# Louis Taussig & Co.??



## npfw1980 (Oct 29, 2006)

I have two whiskey bottles with same logo - L.T. & Co. One bottle is 10.5" tall, the other 7.25". The small one also has 'Carroll Rye' diagonally embossed on the back. I have seen a very similar logo on eBay on an older bottle, identified as Louis Taussig and Co., of San Francisco. The seams stop either at the bottom of the neck or maybe 1/8th of an inch into the neck. Both bottles have bubbles in them. Can any one help me verify this logo. Thanks npfw1980....


----------



## CALDIGR2 (Oct 30, 2006)

Louis taussig was in business for many years, having gotten his start in the dry goods business during the Gold Rush. He became a wholesale liquor dealer in the late 1865 an continued at various SF addresses until prohibition closed his doors in 1919.
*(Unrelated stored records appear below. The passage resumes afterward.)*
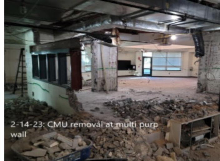
Demolition of CMU Wall for Cafeteria
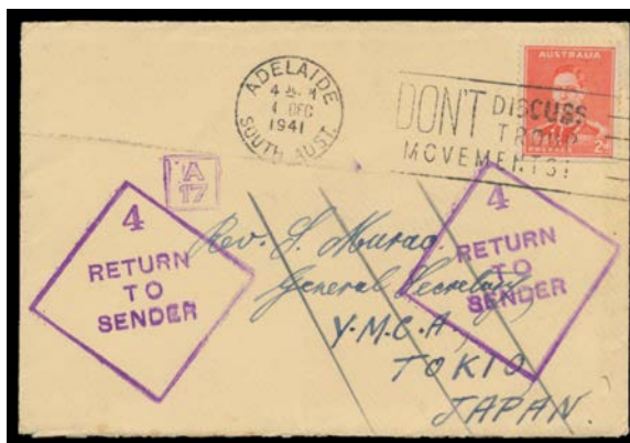
Ex Lot 264

263 C B 1941 (Sep 5) registered cover Melbourne-India with boxed 'RETURN TO SENDER/CONTENTS/ UNDELIVERABLE' h/s in violet; and 1942 (Sep) from Brisbane to an officer at Rabaul with 'DELIVERY/IMPRACTICABLE' & small 'Return to Sender' h/s both in violet; minor blemishes. Scarce duo. (2) 250
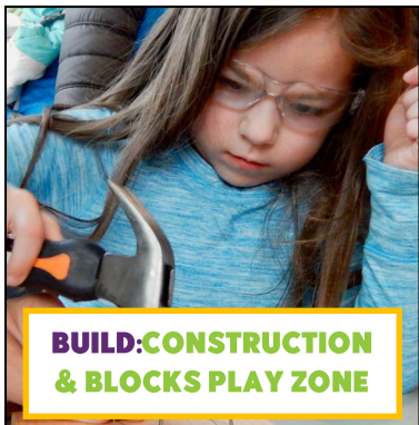
BUILD: CONSTRUCTION & BLOCKS PLAY ZONE
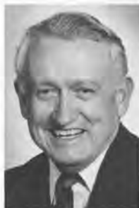
RALPH MUNRO Secretary of State

Republican. Elected as Washington's fourteenth Lieutenant Governor in 1988. He is only the second to be born in Washington, and he brings twenty-four years of public service to his position. He served in the State Legislature from 1958 to 1970 and the U.S. House of Representatives from 1972 to 1984. In Congress, he was the ranking member on the Asian and Pacific Subcommittee of the Foreign Affairs Committee, and the Merchant Marine and Fisheries Committee. He also served as a U.S. Delegate to the General Assembly of the United Nations in 1983. He resides in Seattle.
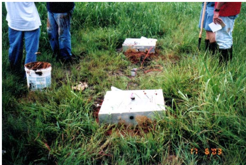
Fig.1 Measuring Flux at the Leon County Landfill

An additional survey of methane flux at the Leon County Landfill is also underway to verify values by other researchers. The methane flux is being measured by the flux method as shown in Fig.1.
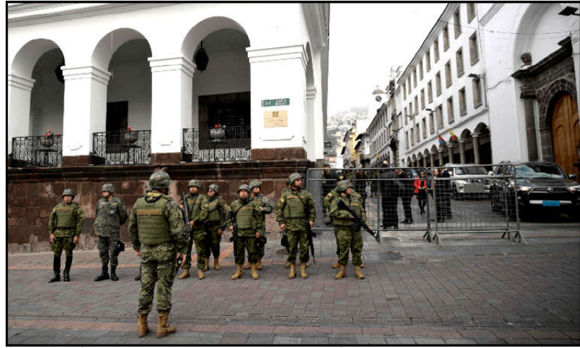
Security forces stand guard as members of the diplomatic corps arrive at Carondelet Palace in Quito for a meeting.

Israeli reoccupation in the Gaza Strip appealed for the uprooted residents to be allowed to return to their homes as the Arab countries' leaders met Abbas.
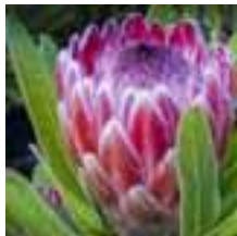
South African Garden
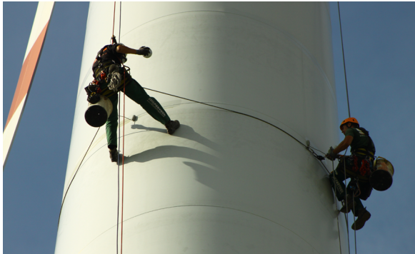
Industrial climbers abseiling down a rotor blade. © Seilpartner GmbH | Picture in color and printing quality: www.fraunhofer.de/en/press
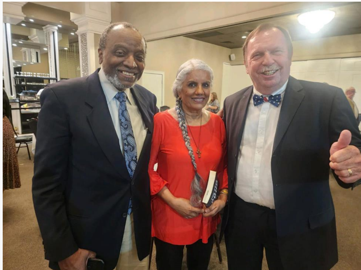
Friday night was a packed House!
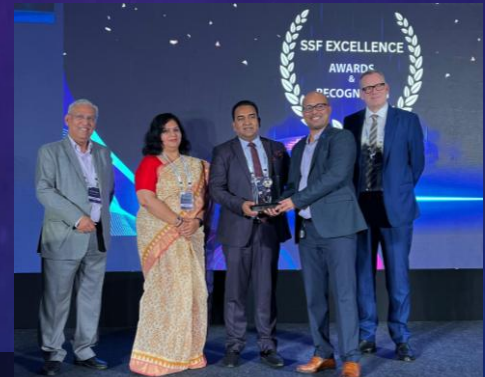
ALCON GLOBAL SERVICES "Delivering Business Impact Through Innovation & Excellence in Process"
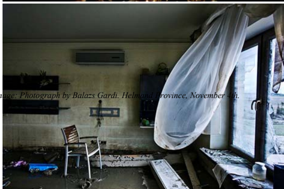
Top image: Helmand Province, November 4th.

 Your rectangular fifth dates from the 1910-15 years and is very common. I dug over 150 of those from a Dixon privy a few years ago and left most of them in the hole. There is an apartment complex sittin' on the site at this time. That type of bottle is hard to sell because there are so many out there. I would surely return to that spot and search for more bottles, as there are many rare and desireable whiskies from that time frame.


----------



## npfw1980 (Oct 30, 2006)

Dear Mike,
    Thanks very much for the info. Appreciate it.....PFW


----------